Materials provided:
────

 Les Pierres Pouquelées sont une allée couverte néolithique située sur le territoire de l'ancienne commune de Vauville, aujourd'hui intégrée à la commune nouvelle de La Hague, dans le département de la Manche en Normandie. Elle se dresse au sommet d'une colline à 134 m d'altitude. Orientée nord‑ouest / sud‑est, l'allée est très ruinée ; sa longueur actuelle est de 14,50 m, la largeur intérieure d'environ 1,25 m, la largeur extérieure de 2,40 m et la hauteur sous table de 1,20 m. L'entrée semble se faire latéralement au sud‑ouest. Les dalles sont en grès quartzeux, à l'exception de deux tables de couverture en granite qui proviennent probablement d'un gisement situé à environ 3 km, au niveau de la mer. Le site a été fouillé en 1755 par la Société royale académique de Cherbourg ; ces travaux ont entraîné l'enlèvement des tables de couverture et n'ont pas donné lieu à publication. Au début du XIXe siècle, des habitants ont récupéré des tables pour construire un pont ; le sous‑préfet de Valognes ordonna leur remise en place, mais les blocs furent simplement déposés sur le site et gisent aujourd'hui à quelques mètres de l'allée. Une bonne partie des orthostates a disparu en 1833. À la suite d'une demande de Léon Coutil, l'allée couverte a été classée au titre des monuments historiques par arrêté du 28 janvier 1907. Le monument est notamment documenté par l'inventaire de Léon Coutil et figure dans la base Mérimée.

────

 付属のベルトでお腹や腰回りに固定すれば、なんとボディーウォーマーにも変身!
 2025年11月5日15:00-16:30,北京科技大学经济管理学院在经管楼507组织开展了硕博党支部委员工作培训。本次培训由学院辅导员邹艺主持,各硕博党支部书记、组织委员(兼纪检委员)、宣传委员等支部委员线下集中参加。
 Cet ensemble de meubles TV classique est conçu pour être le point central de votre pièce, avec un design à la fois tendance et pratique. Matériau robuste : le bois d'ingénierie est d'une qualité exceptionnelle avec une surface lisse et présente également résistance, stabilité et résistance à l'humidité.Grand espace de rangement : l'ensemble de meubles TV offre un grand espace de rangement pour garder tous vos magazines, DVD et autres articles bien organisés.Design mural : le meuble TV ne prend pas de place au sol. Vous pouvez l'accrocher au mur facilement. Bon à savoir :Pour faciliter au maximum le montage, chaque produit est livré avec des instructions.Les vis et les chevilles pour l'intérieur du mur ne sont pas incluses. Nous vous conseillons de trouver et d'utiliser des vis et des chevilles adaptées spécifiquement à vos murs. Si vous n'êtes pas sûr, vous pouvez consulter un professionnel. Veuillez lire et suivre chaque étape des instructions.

────

Required work: Working from the data above, extract solely the lines from the one containing "付属のベルトでお腹や腰回りに固定すれば、なんとボディーウォーマーにも変身!" through the one containing "2025年11月5日15:0", exactly as they appear, both included.

Task answer:
 付属のベルトでお腹や腰回りに固定すれば、なんとボディーウォーマーにも変身!
 2025年11月5日15:00-16:30,北京科技大学经济管理学院在经管楼507组织开展了硕博党支部委员工作培训。本次培训由学院辅导员邹艺主持,各硕博党支部书记、组织委员(兼纪检委员)、宣传委员等支部委员线下集中参加。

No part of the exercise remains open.